Pendant sa détention, Mikhaïl Khodorkovski a été puni à huit reprises pour des violations présumées du règlement intérieur et condamné six fois à l’isolement. Il a formé des recours contre ces condamnations et a obtenu gain de cause cinq fois sur les six.

Le 22 août 2008, le tribunal de l’arrondissement d’Ingodinski, à Tchita, a rejeté la demande de libération conditionnelle de Mikhaïl Khodorkovski (Platon Lebedev n’a pas déposé de demande de ce type). Aux termes du droit russe, Mikhaïl Khodorkovski avait droit à la libération conditionnelle car il avait purgé la moitié de sa peine. Sa demande a été rejetée pour les motifs suivants :

  il n’avait pas exprimé la volonté de suivre une formation professionnelle pendant sa détention à la colonie pénitentiaire de Tchita (argument probablement lié à son refus d’apprendre à coudre à la machine) ;

  il n’avait reçu aucune félicitation de la part du personnel pénitentiaire ;

  il n’avait pas purgé sa peine pour une violation du règlement de la prison datant du 15 octobre 2007 (il avait semble-t-il, ce jour-là, refusé d’obéir à l’ordre de garder ses mains dans le dos au retour de la promenade).

Un possible procès politique

Le premier procès de Mikhaïl Khodorkovski et Platon Lebedev avait déjà été entaché de nombreuses irrégularités et largement dénoncé comme un procès politique. Le 21 mai 2010, la Cour européenne des droits de l’homme a jugé recevable une plainte affirmant, entre autres, que ce premier procès était motivé par des considérations politiques. La Cour n’a pas encore rendu son arrêt définitif dans cette affaire. Par ailleurs, dans un arrêt en date du 25 octobre 2007, la Cour a conclu que plusieurs des droits de Platon Lebedev aux termes de la Convention européenne des droits de l’homme avaient été violés par des irrégularités à répétition pendant sa détention provisoire avant son premier procès.

Amnesty International n’est pas en mesure de se prononcer sur les faits présentés par l’accusation et par la défense pendant le deuxième procès. Elle constate cependant, sur la base de ses propres observations des audiences et des rapports d’autres observateurs indépendants, que l’accusation a eu beaucoup de mal à présenter une argumentation claire et cohérente, reliant des faits établis aux éléments d’accusation qui pesaient sur les accusés, et qui leur ont valu une condamnation.

Le mépris persistant des autorités pour la procédure légale et leurs tentatives permanentes d’entraver la préparation de la défense n’ont fait que renforcer le sentiment que la condamnation de Mikhaïl Khodorkovski et Platon Lebedev était voulue, et a été obtenue, pour des raisons politiques, au mépris des règles les plus élémentaires de la justice.

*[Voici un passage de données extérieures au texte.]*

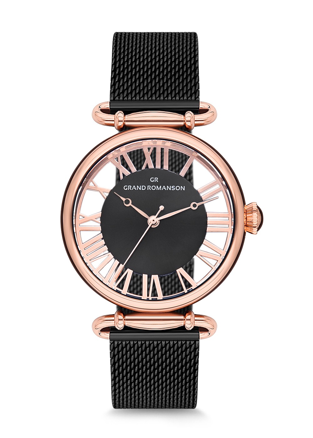 Kadın - Düz - Rose Si̇yah - Si̇yah - Çeli̇k Örme Kordon - 3 Atm - Sertleşti̇ri̇lmi̇ş Mi̇neral Cam - Grand Romanson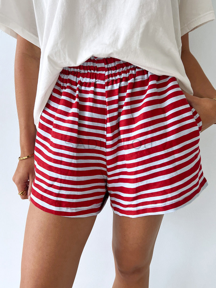 A häll original, The Etta Short in our exclusive hand-painted stripe print by SOAN Print House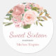 Adesivo Redondo Rosa Dourado e Flores de Blush Sweet 16 Favor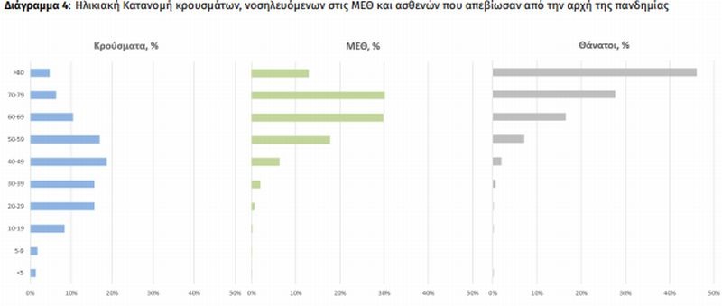 Ακολούθως παρουσιάζεται η ηλικιακή κατανομή των (α) συνολικών κρουσμάτων, (β) των περιστατικών που κατέληξαν σε θάνατο και (γ) των ασθενών που νοσηλεύονται διασωληνωμένοι: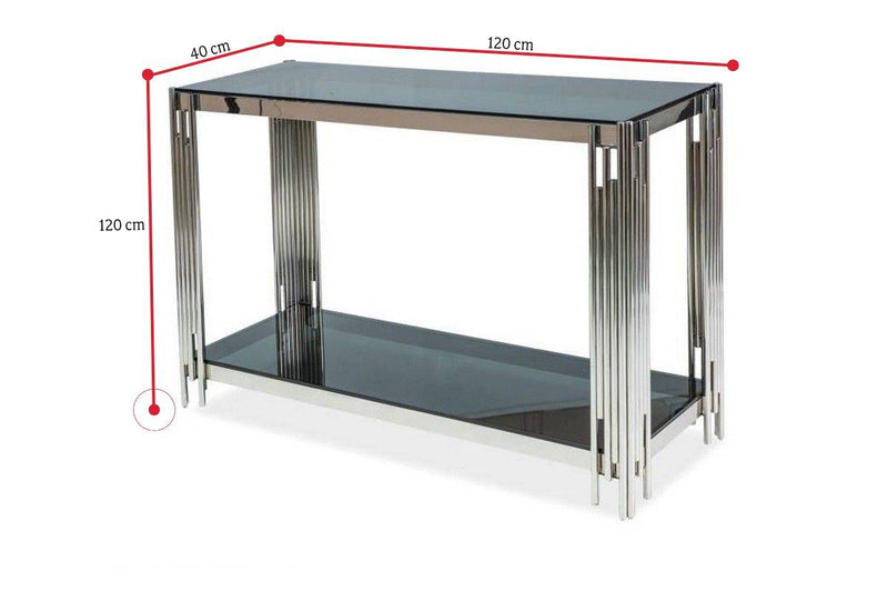 Konzolový stolík LOSSI C tvorí pevná kovová konštrukcia. Doska stola z tvrdeného skla dodá interiéru nádych luxusu. Nohy z kvalitného kovu zase požadovanú stabilitu a pevnosť. Veľkou výhodou je druhá odkladacia doska, ktorá sa nachádza na spodku nožičiek.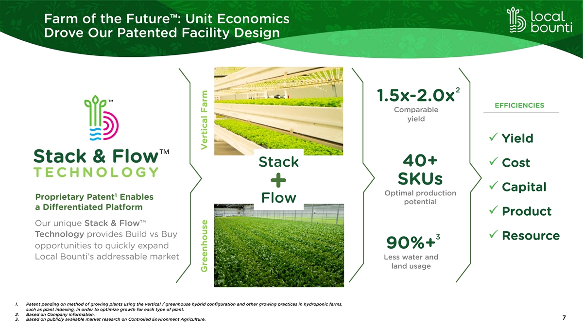 Operationally and Commercially Established Key Highlights Proven Credibility Growth Stats Strategic Partner $462MM 2025 3 Projected Revenues Pete’s Acquisition 2022 1.5x-2.0x 2Q22 1 Yield of comparable greenhouse farms $170M debt facility in place with Cargill LOCL Listed NYSE 4Q21 “Local Bounti and Cargill share a ~20 commitment to delivering farm to 2 Retail SKUs available today Montana Facility fork options for consumers while 2021 sustaining the land, not only for Expansion Complete today but for generations to come.” 3Q21 3.0x First Revenue Ross Jennings 3 4Q20 Facility capital costs to EBITDA Head of Cargill’s Trade and Capital Markets Full Commercial 2020 Operations Strong Retail Presence 3Q20 Montana Facility 2019 Built first Stack & Flow Farm of the Future Local Bounti 2018 Founded by Craig and Travis 6 1. Based on Company information. 2. Stock Keeping Units. 3. Does not include impact of proposed transaction with Pete's.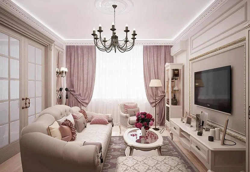 Идеальный классический вариант – комната жемчужно-серого дизайна, к которому подбирают декор пыльно-розового цвета: вазы, рамы, текстиль. Такой интерьер смотрится дорого, стильно. Зачастую достаточно всего одного яркого элемента.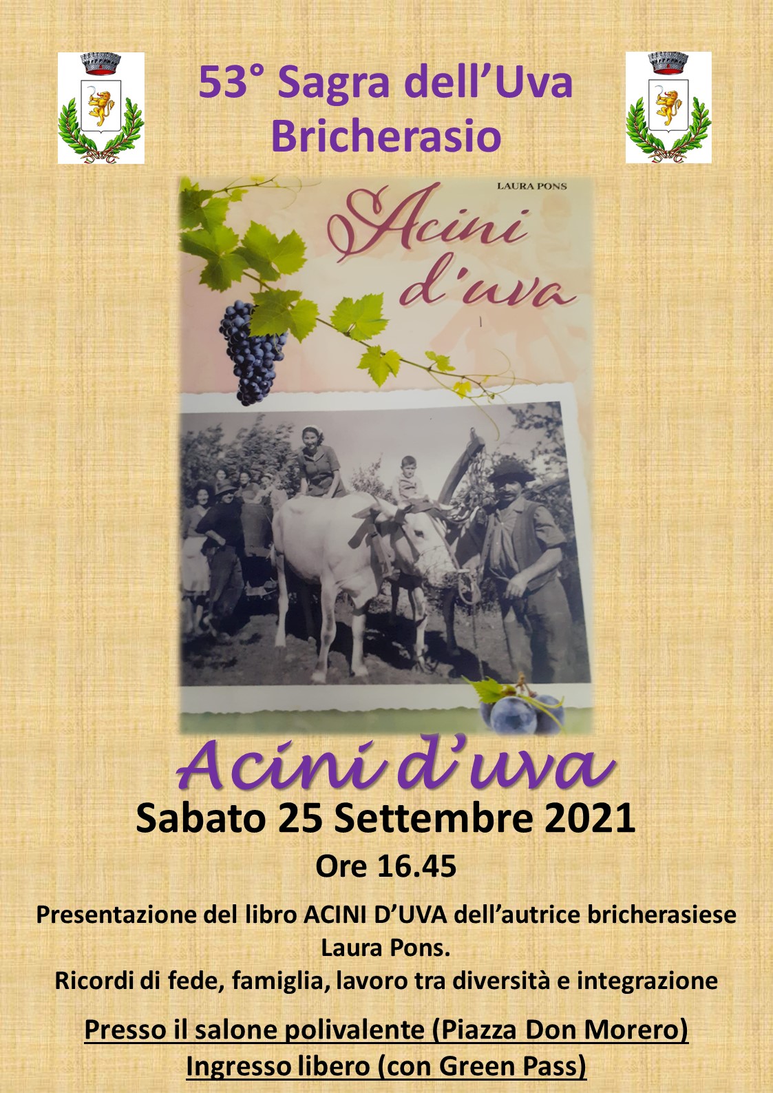 Sabato 25 alle ore 16.45 presentazione di “Acini d’uva” dell’autrice bricherasiese Laura Pons. Il libro è una testimonianza dei ricordi di quando l'autrice frequentava la scuola della frazione di Cappella Moreri, nel comune di Bricherasi,. Era l'unica allieva di religione valdese nella pluriclasse di prima, seconda e terza elementare. E nei suoi scritti traspare il desiderio, celato da una sofferenza interiore, di voler essere considerata come tutti i compagni. L’incontro si svolge al Salone Polivalente con ingresso libero e presentazione del green pass.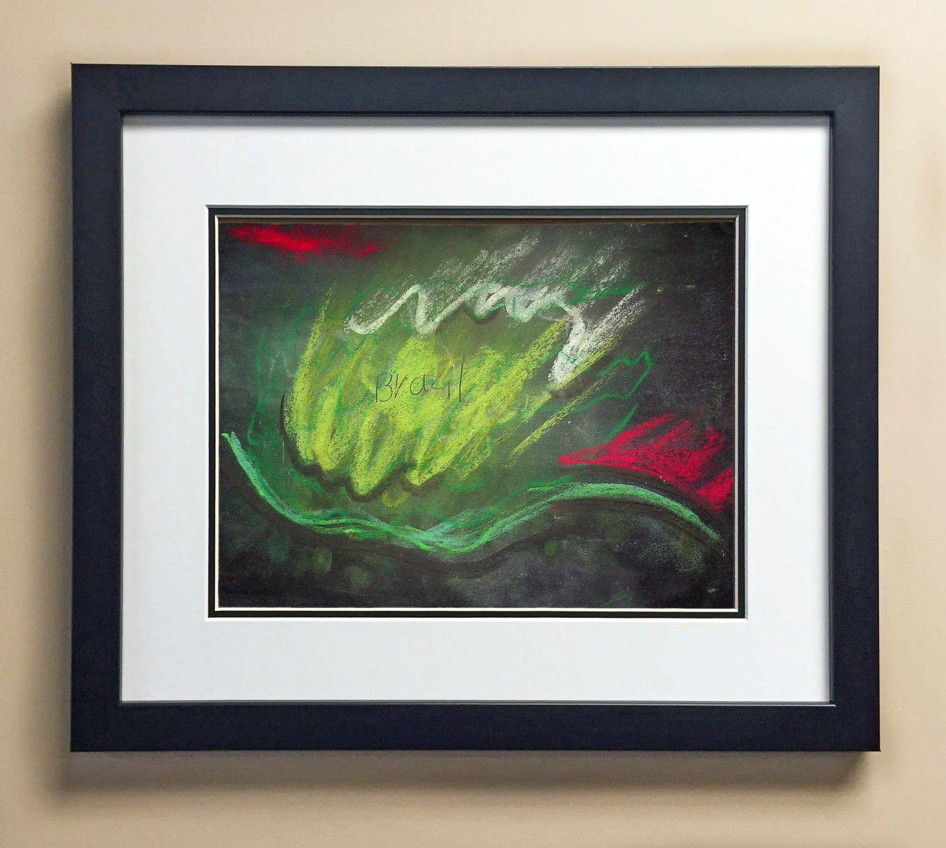 Included with the purchase is the Students Artwork, Frame, double matboard, shatter proof plexiglass, and a ready to hang backerboard with turnbuttons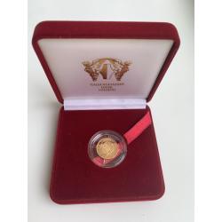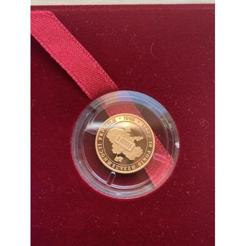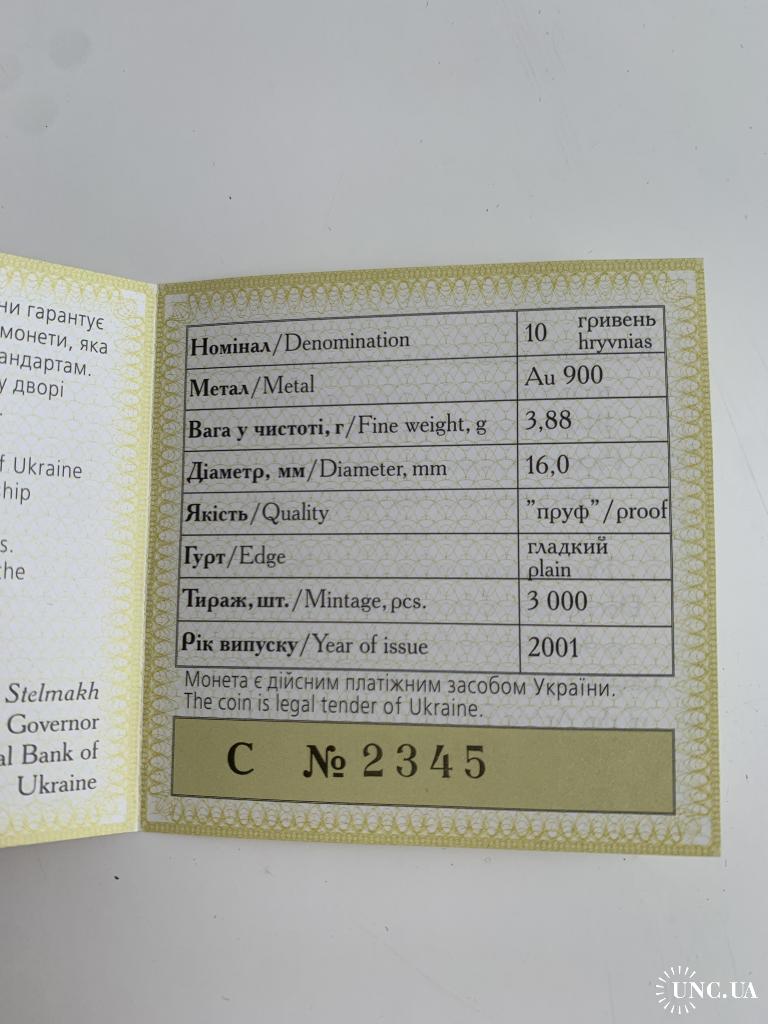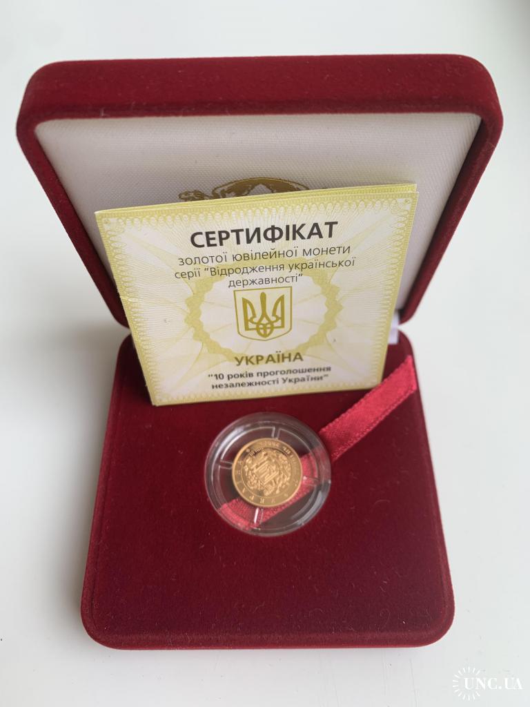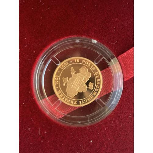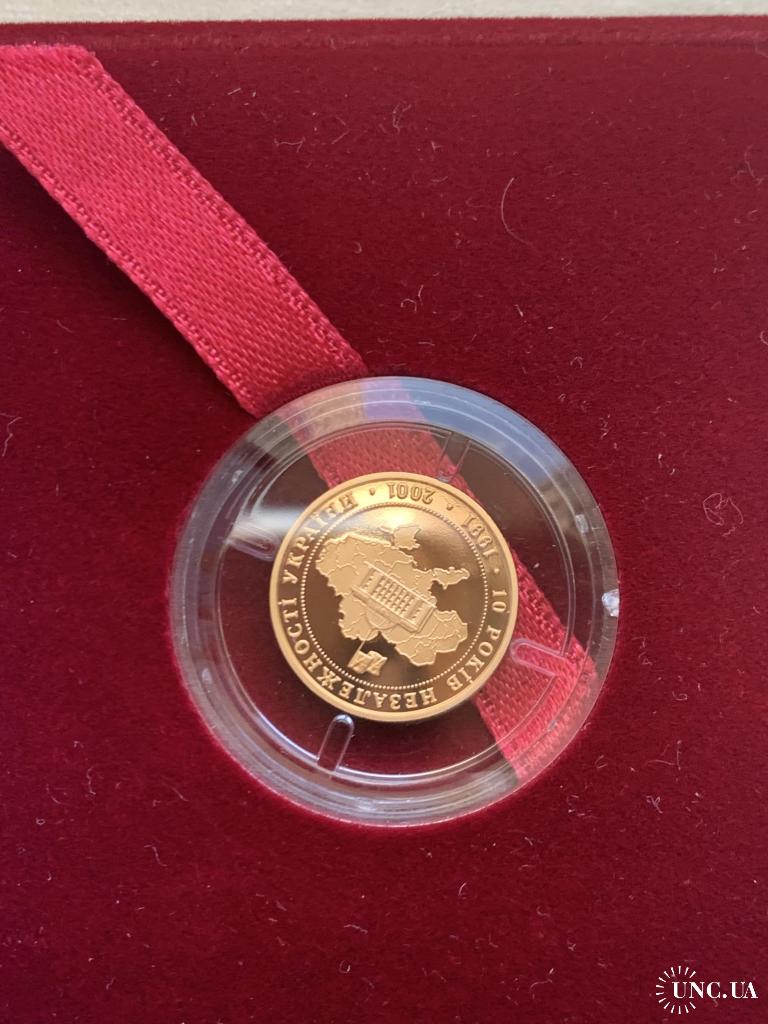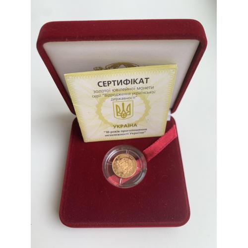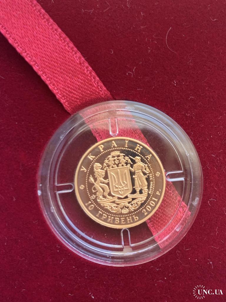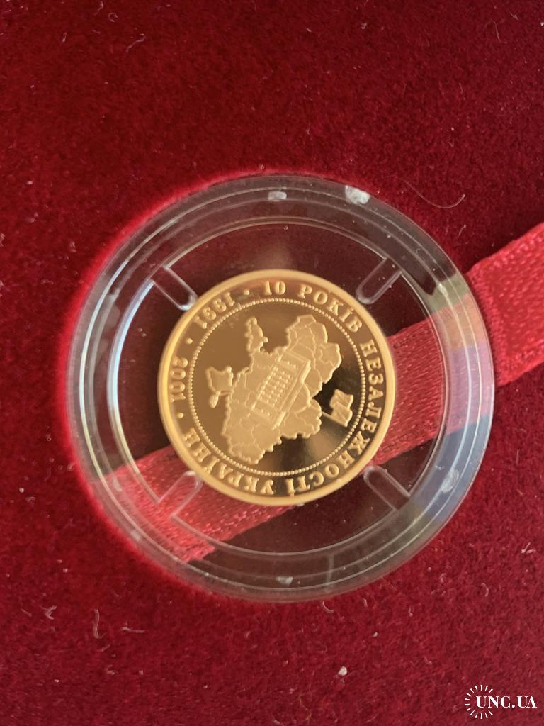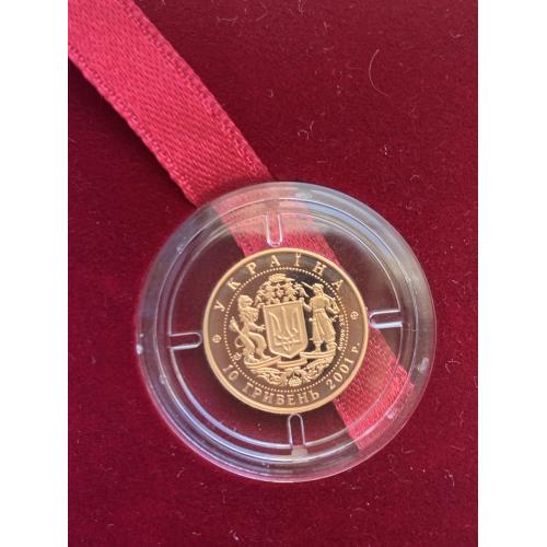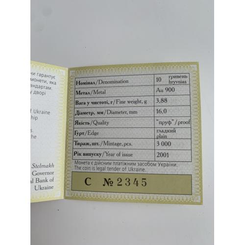 ОригіналПродам золоту монету НБУ номіналом 10 гривень 2001 р. випуску. Серія: Відродження української державності, присвячена 10-й річниці незалежності України. Монета в оригінальній капсулі. Вага дорогоцінного металу в чистоті: 3.88 г., золото 900 проби, діаметр, 16 мм.

Ces allégations, qui font planer un doute important sur l’indépendance du système judiciaire russe et la réalité de la séparation des pouvoirs dans le pays, ne peuvent être ignorées dans le bilan du deuxième procès de Mikhaïl Khodorkovski et Platon Lebedev. Les autorités et l’appareil judiciaire russes doivent s’attaquer à ce problème.